Autophagy, inflammation and neurodegenerative disease

Abstract

Autophagy is emerging as a central regulator of cellular health and disease and, in the central nervous system (CNS), this homeostatic process appears to influence synaptic growth and plasticity. Herein, we review the evidence that dysregulation of autophagy may contribute to several neurodegenerative diseases of the CNS. Up-regulation of autophagy may prevent, delay or ameliorate at least some of these disorders, and - based on recent findings from our laboratory - we speculate that this goal may be achieved using a safe, simple and inexpensive approach.

© 2010 The Authors. European Journal of Neuroscience © 2010 Federation of European Neuroscience Societies and Blackwell Publishing Ltd.

Figures

Figure 1. Summary of proposed mechanism of HIV-mediated neurodegeneration

HIV-infected cells, in particular infected monocytes/macrophages and CD4+ T cells, enter the CNS by crossing the blood-brain barrier in a process termed diapedesis (A). The introduction of infection into the CNS leads to the activation of microglia, either directly (by infection, B) or indirectly (C). These activated microglia produce a variety of cytokines and chemokines (D) with pleiotropic effects, including the activation of astrocytes (E). This leads to an increase in astrocyte abundance (astrocytosis) but, despite the increase in cell numbers, there is a decrease in a key astrocytic function: the resorption of glutamate (F). The increase in extracellular glutamate, acting via the N-methyl-D-aspartic acid (NMDA) receptor, can produce an excessive influx of Ca2+ into neurons (G) with consequent free-radical formation (H), leading to Ca2+ excitotoxicity (Berliocchi et al., 2007). In addition, viral proteins shed from infected microglia (I) may have neurotoxic effects that can be indirect (acting via astrocytes, J) or direct (K). ROS formation also activates intracellular calpain and, as described in the text, this causes a marked disruption of neuronal autophagy, with a reduction in the abundance of autophagosomes in neurites (L). This, in turn, leads to an increase in intra-neuronal protein aggregates (M) and neurodegeneration (N).

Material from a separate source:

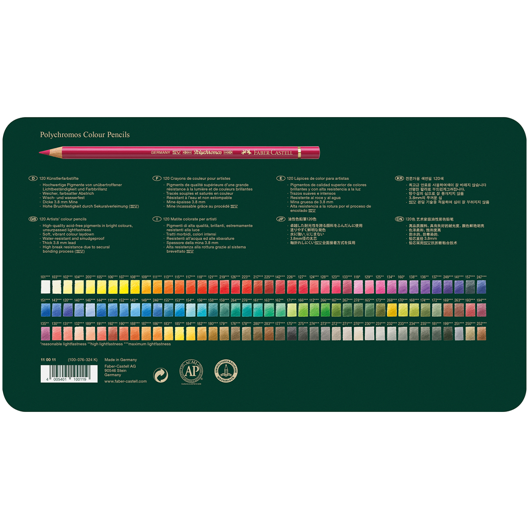 Med högkvalitativa, syrafria pigment levererar Polychromos oslagbar ljusäkthet som bevarar färgernas briljans i årtionden, tillsammans med maximal brottresistens, smet- och vattenresistens samt exceptionella teckningsegenskaper.
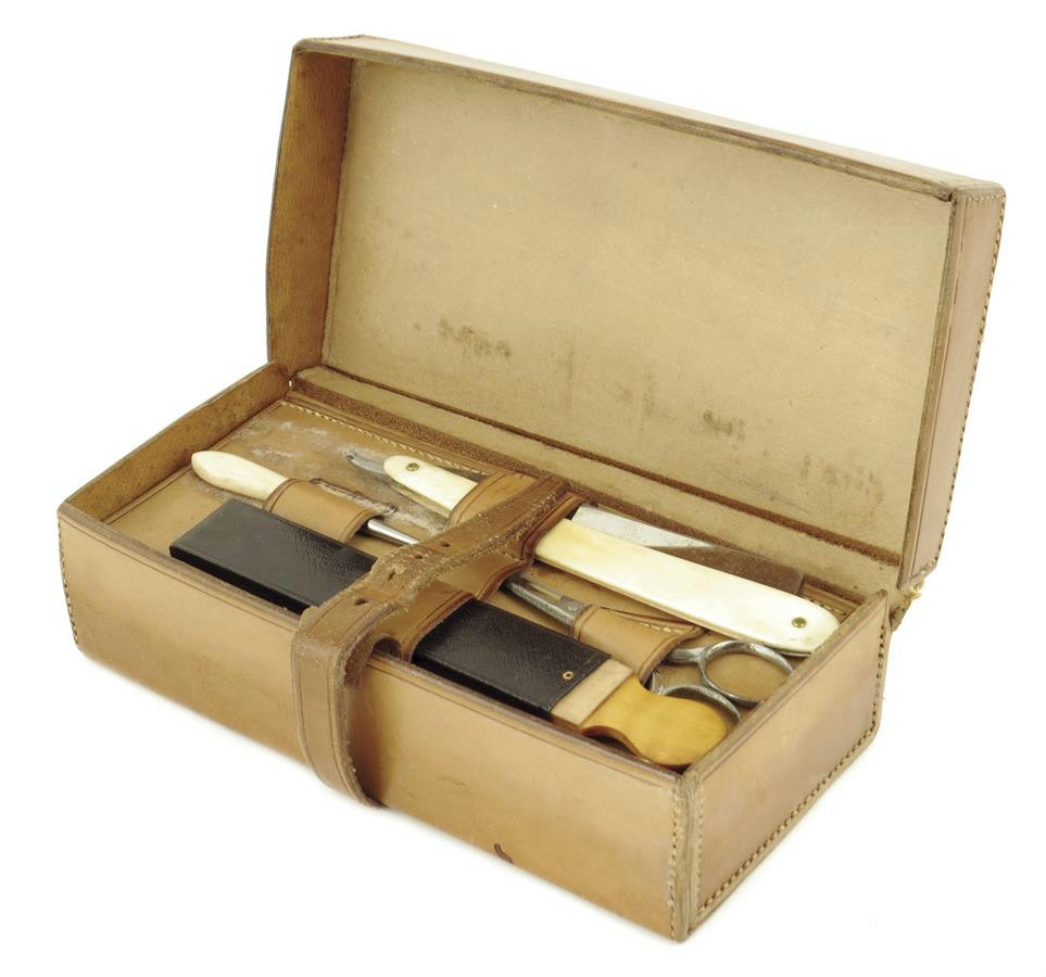 A brown leather cased Campaign toilet set, fitted with a hone, steel scissors, a button hook, a razor, a shaving brush in a bone case, and two other brushes and with a metal soap container, the lid with initials 'J.H.B.', 21cm wide.

Figure 2. Proposed interactions between inflammation, Ca2+ excitotoxicity, and autophagy in a non-infectious neurodegenerative disease

During MS, lymphocytes infiltrate into the brain and recognize their antigen, usually myelin-derived antigen presented by an APC (A). These activated T cells then release pro-inflammatory cytokines that act on oligodendrocytes (B), leading to the demyelination that is a hallmark of the disease. This diagram focuses mainly on other events that may be involved in MS neurodegeneration. Atg5 is an important component of the autophagy pathway, and its cleavage can switch a cell’s fate from autophagy (and survival) to apoptosis (and death) (Yousefi et al., 2006). In our recent paper (Alirezaei et al., 2009) we showed that peripheral blood CD4+ T cells of some MS patients contained an elevated level of Atg5, leading us to speculate that these potentially-pathogenic cells may have prolonged lifespans (C). B cells and plasma cells, too, have been implicated in MS (D). The pro-inflammatory mediators that are released by activated lymphocytes and / or microglia (E) can activate astrocytes (F), reducing their capacity of resorb glutamate (G). The resulting increase in extracellular glutamate triggers AMPA receptors (H) which leads to an influx of Ca2+ into the neurons (Williams et al., 2008). This initiates a cascade of events including damage to mitochondria (I), an increase in ROS (J), activation of caspases and calpain, and a decrease in number of neurite autophagosomes (K). The ultimate outcome is neurodegeneration (L).

Figure 3. Food restriction induces autophagy in cortical neurons and Purkinje cells

Panel A. Autophagosomes (bright green punctae) in cortical neurons (left) and Purkinje cells (right) of GFP-LC3 mice after 48 hrs of food restriction. Panel B. Images of cerebellar sections stained with an antibody specific for phospho-S6RP (red), a protein whose abundance varies directly with mTOR activity, and inversely with autophagy. GFP-LC3, which is expressed at high levels in Purkinje cells, is shown in green and nuclei are stained with Hoechst dye (blue). Purkinje neurons in a normal fed animal (left) have high mTOR activity (indicating low autophagy) while cells in the 48 hrs food-restricted animal (right) have low mTOR activity (and, thus, a highly active autophagy pathway). Images were generated using Imaris software, blended mode (Bitplane, Inc). Panel C. A transmission electron microscope image of a single Purkinje cell from a 48 hour food-restricted mouse is shown. Autophagosomes are enclosed in colored boxes, and a higher-magnification image of each is provided.